Chris Kyriakakis, an associate professor of electrical engineering at USC and an expert in audio engineering and acoustics, said it’s not just noise, per se, that can disrupt how a quarterback communicates with the other 10 men on the field.

“It’s hard to pin it on decibel level. It really depends on the frequency content,” Kyriakakis said. “You know when you’re taking a shower or washing the dishes and you can’t hear? Those aren’t very loud, but because they cover a lot of frequencies, they cover the bins in your ear …

“Literally, if [fans] all started calling out instructions — just voices instead of chants — and it was 25,000 of them speaking, I think that would have a much better effect of screwing up the communications than just noise.”
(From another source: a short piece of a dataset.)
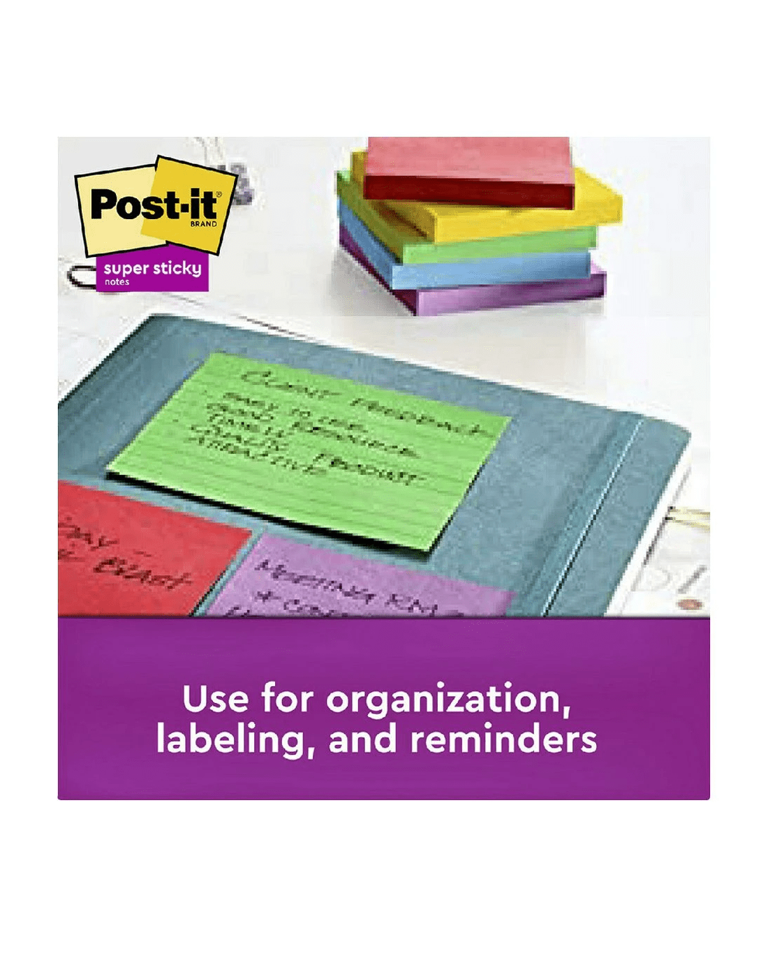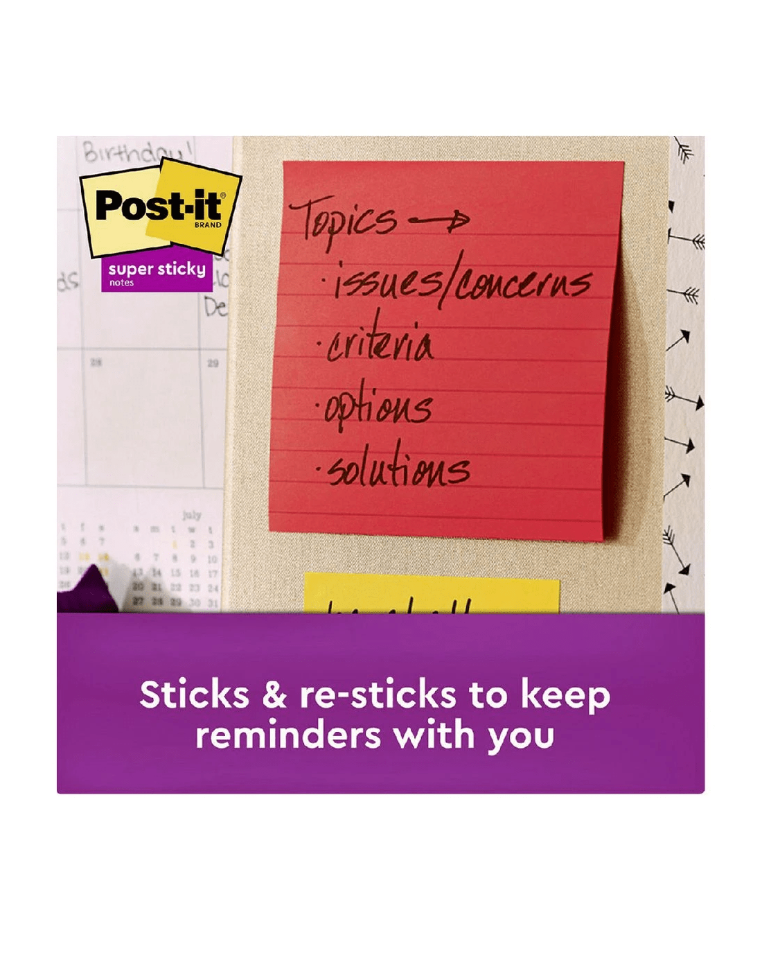 - Post-it Super Sticky Notes stick and re-stick so your thoughts get noticed and have 2X the sticking power.

Tamar and the Chargers know this process will require plenty of experimentation, finding out what keeps fans off phones and into the game, what gets them to their seats at kickoff instead of midway through the first quarter ... what sparks a passion for a team playing in L.A. for the first time in 47 years.

And the players on the receiving end of the cheers? They want to know too.

“Man, you know what? I just want to see the turnout first. I don’t know what it’s going to be,” Gordon said. “Hopefully, they cause havoc. That’s the plan. Hopefully they follow through with that because we’re going to need all the help we can get.”